* [Work order]:
Make an exact copy of the listing below. Pictures stay out of it.

* [Supplied information]:
┌────────
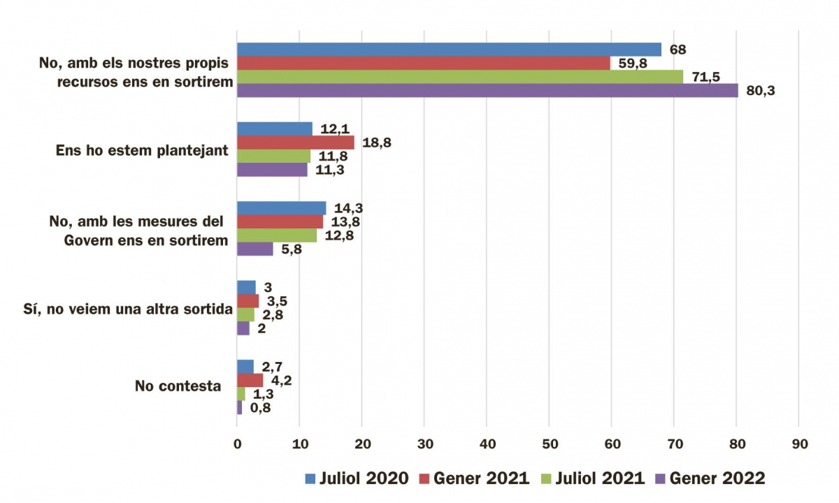 Durant el segon semestre del 2021 només el 6% de les empreses enquestades s’han acollit a alguna de les mesures d’ajuda atorgades pel Govern, molt per sota del 24,5% que ho havien fet el semestre anterior. Un 41,5% dels enquestats considera adequades les mesures per garantir la viabilitat econòmica dels negocis, un 15% no les veu suficients i un 11% diu que tot i que inicialment eren suficients, ara en caldrien altres. En global, les mesures reben una valoració d’un 3,19 sobre 5, la gestió de la crisi sanitària un 3,55 sobre 5 i la gestió de la crisi econòmica un 3,09. En tots tres casos les puntuacions empitjoren entre 1 i 3 dècimes.
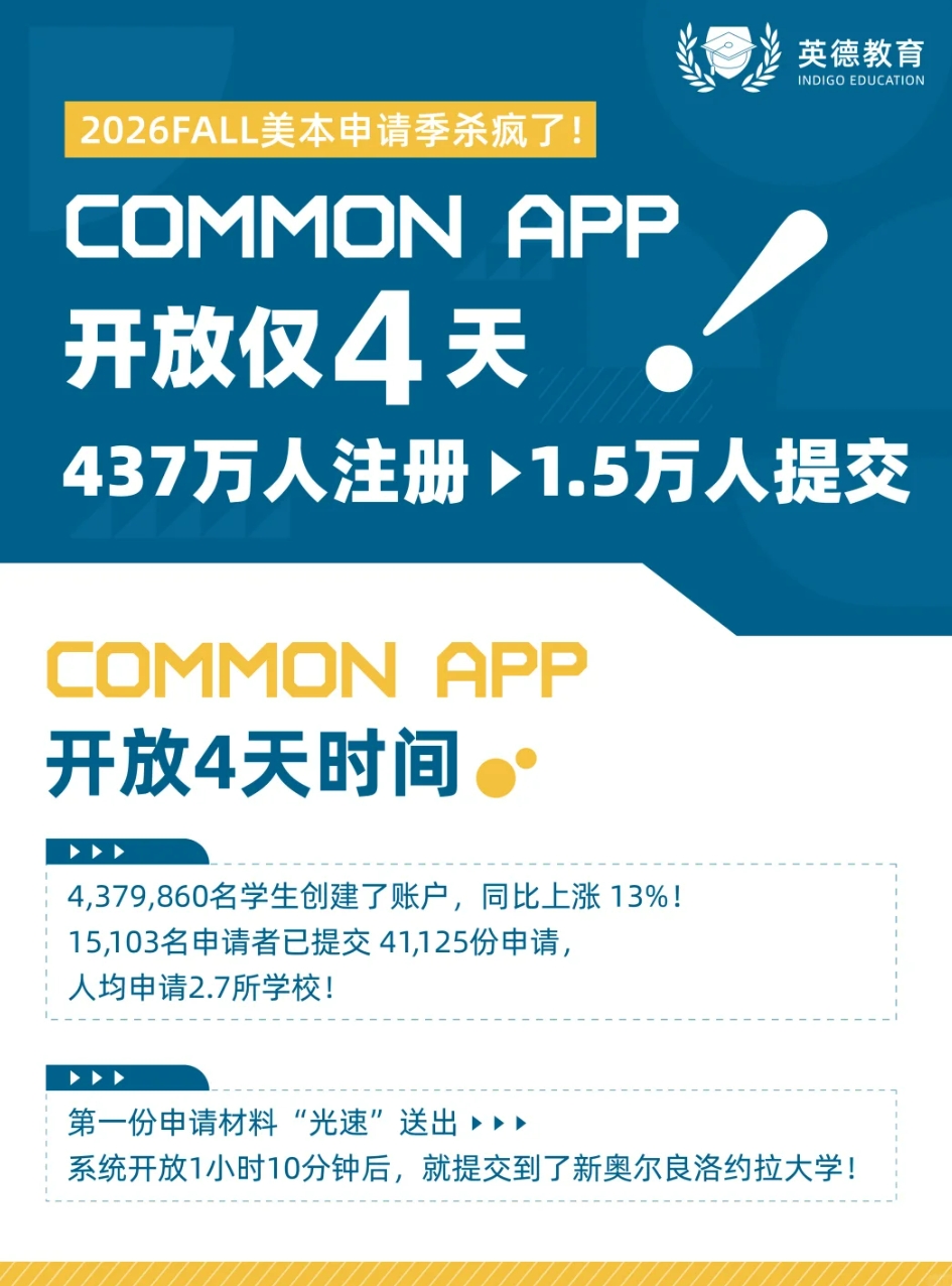 2026Fall美本申请热潮!Common App开放4天437万人注册,竞争提前白热化
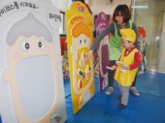선생님께 과일박사 수료증을 받고 좋아 하는 우리 친구
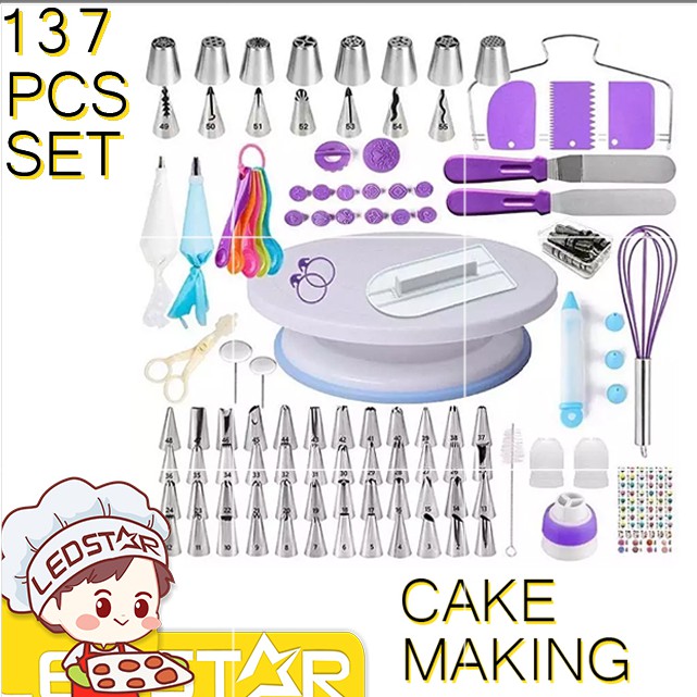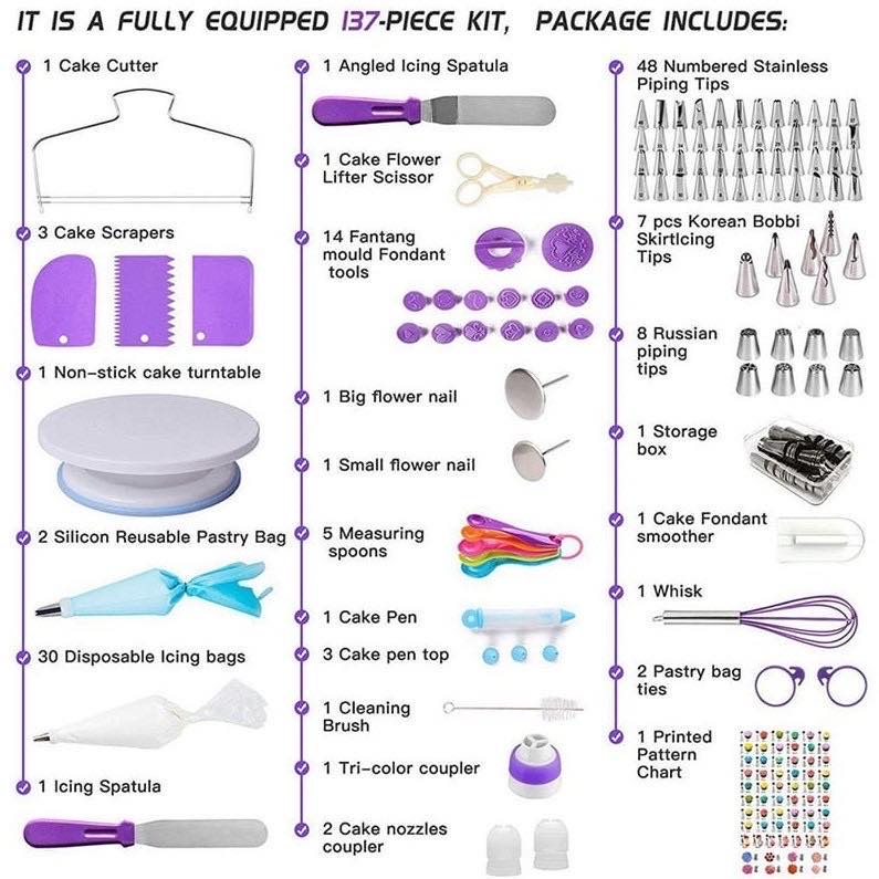 137 Pieces/Set Cake Decorating Set Turntable Piping Tip Nozzle Set Baking Tools
└────────
* [Solution to this task]:
 Durant el segon semestre del 2021 només el 6% de les empreses enquestades s’han acollit a alguna de les mesures d’ajuda atorgades pel Govern, molt per sota del 24,5% que ho havien fet el semestre anterior. Un 41,5% dels enquestats considera adequades les mesures per garantir la viabilitat econòmica dels negocis, un 15% no les veu suficients i un 11% diu que tot i que inicialment eren suficients, ara en caldrien altres. En global, les mesures reben una valoració d’un 3,19 sobre 5, la gestió de la crisi sanitària un 3,55 sobre 5 i la gestió de la crisi econòmica un 3,09. En tots tres casos les puntuacions empitjoren entre 1 i 3 dècimes.
 2026Fall美本申请热潮!Common App开放4天437万人注册,竞争提前白热化
선생님께 과일박사 수료증을 받고 좋아 하는 우리 친구
 137 Pieces/Set Cake Decorating Set Turntable Piping Tip Nozzle Set Baking Tools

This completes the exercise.